Pulse

First Words

“Never again” Ivy sung softly to herself, scratching out line after line of lyrics in her decrepit spiral notebook. “Never again!” She smiled. Writing always made her feel better.

It was a cold October night, and Ivy was lying on her bed, writing by the light of a flashlight, singing in a whisper. That was the only time she could write nowadays, was at night. Her songs always felt too personal to share with the general public. She yawned, and rolled over, her bedsprings squeaking with the slight movement. She groaned and shut her notebook, tucking her pen inside to hold her spot amongst the tattered pages.

It was late. Again. And she had school tomorrow. Again. Ivy’s head pounded at the thought of another day in the hellish nightmare continuously referred to as the educational system. She took a glance at her digital alarm clock, and her mouth formed an “O” when she read the clear digital print. She had to read it several times to make sure her green eyes weren’t playing tricks on her. They weren’t.

5:37 AM. Wow. Had that much time really passed? It felt like just minutes. Time sure flies when you’re having fun.

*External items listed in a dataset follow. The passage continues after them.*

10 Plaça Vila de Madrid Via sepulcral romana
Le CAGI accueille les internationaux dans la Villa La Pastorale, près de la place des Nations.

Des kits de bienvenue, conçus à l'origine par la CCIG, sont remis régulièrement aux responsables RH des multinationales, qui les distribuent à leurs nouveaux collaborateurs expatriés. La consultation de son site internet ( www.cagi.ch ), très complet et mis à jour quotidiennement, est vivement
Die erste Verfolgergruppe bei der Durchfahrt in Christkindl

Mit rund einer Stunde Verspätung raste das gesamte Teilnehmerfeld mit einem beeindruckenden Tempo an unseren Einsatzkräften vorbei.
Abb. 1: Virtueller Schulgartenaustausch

Ivy groaned and pulled her weary body off of the mattress. “DAMMIT!” She cursed loudly, regretting it as she instantly remembered her already tainted karma. After all, what was the point in being angry over the past? At least that was what she was trying to tell herself.

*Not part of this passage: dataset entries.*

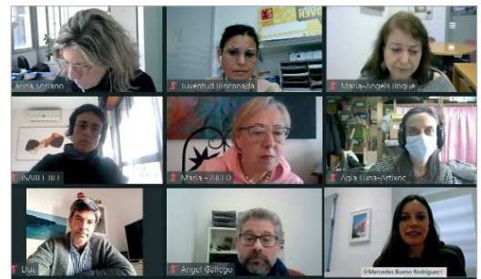
'Raíces emocionales', un nuevo proyecto del área de Juventud.

'Raíces emocionales' se llevará a la práctica durante los meses de abril y mayo de 2021. Se desarrollarán tres talleres sobre educación en valores, diálogo intercultural e inclusión social; sensibilización desde el flamenco social; y circo social. Los talleres se desarrollarán en el 'Centro Joven La Estación'. Asimismo, la creación del producto final del proyecto, se basará en un trabajo que se llevará a cabo en el mismo escenario. También en La Rinconada tendrá lugar la puesta de largo y ensayo general de la representación del producto final creado.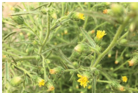
Smrdljiva ditrihovka ( Dittrichia graveolens ), (Foto: Gena Bental)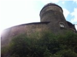
stolz erhebt sich der Turm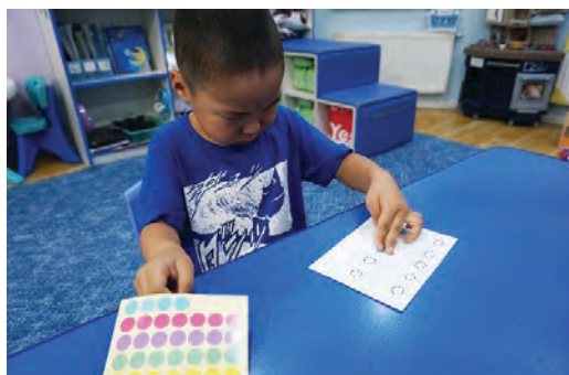
Жижиг наалтыг хүрээн дотор наах

“Elaine, honey?” she heard her mother coo from the hallway. “Are you awake?”

“Yes, Momma!” Ivy called out, rolling her eyes. Her mother was an amazing woman, but sometimes she forgot her daughter was sixteen, and not six. “I’m getting ready for school.”

“Alright, dear. I just heard you cry out and I thought something was wrong.”

“No, I’m OK.” Ivy rolled her eyes again, this time more out of pity than out of irritation. Again, her mother sometimes forgot she was a teenager. Who cursed. A lot.

Ivy pulled her sleepwear off and stepped into the warm water of her shower, letting the musky scent of her shampoo soothe her and wake her up.

“And you don’t even care...” she started to absentmindedly sing as she scrubbed her body clean.

“What I do to myself...” She rinsed her hair.

“Please stop and stare...” She stepped from the shower, wrapping a blue towel around herself as she hunted for her clothes.

“Look at the damage you have done.” She pulled her clothes over her slightly damp body, combed her hair, and walked over to the kitchen, where her mother was serving a full plate of waffles to her little brother, Randy. Lucky him. He got a normal name. And she was stuck with Elaine? That sounds like someone’s grandmother’s least popular bingo buddy.

“Oh, baby, I’m running a little late, so if-” you cut your mother off. She was always running late.

“It’s alright. I need to get to school early anyway. I’ll just drop off Randy at the elementary school, grab some breakfast, and go.”

“Thank you so much darling. I don’t know what I’d do without you.” She flashed her only daughter the million dollar smile that had brought home food to the table for years.

Her mother was the only parent that Ivy had ever known. Her father left before she was born, and her brother had been left on her porch in a basket. But that was fine with Ivy. Her mother was a wonderful woman who would do anything for her family.

Ivy took the shortest route to the elementary school, and then drove right to the high school. With gasoline at four dollars per gallon, she couldn’t afford to go anywhere else. And she always felt vaguely guilty asking her mother for money for anything, as if doing so would somehow deny her little brother of something important in his life.

This was partially why Ivy had gotten a job the day she turned sixteen. She was now the proud owner of the title “fry cook” at the local Yumm Burger. The job payed her peanuts, but at least it was a source of income other than her mother, or her deadbeat dad who didn’t even pay the $100 child support every other month.

Oh well. Let the past stay in the past, Ivy always said. She pulled into the parking lot at 6:04 AM. Perfect. Classes didn’t start until 7:30. Ivy didn’t trust herself to sit in the cozy little cab of her car on absolutely no sleep. Instead, she quickly leaped out of the vehicle, before fatigue had time to set in, grabbed her cheap guitar and some blank sheet music, and stalked off into a secluded alcove in the trees.

She started to play, so absorbed in the sound of her guitar and the pencil scratching on the paper that she didn’t even see the crowd forming.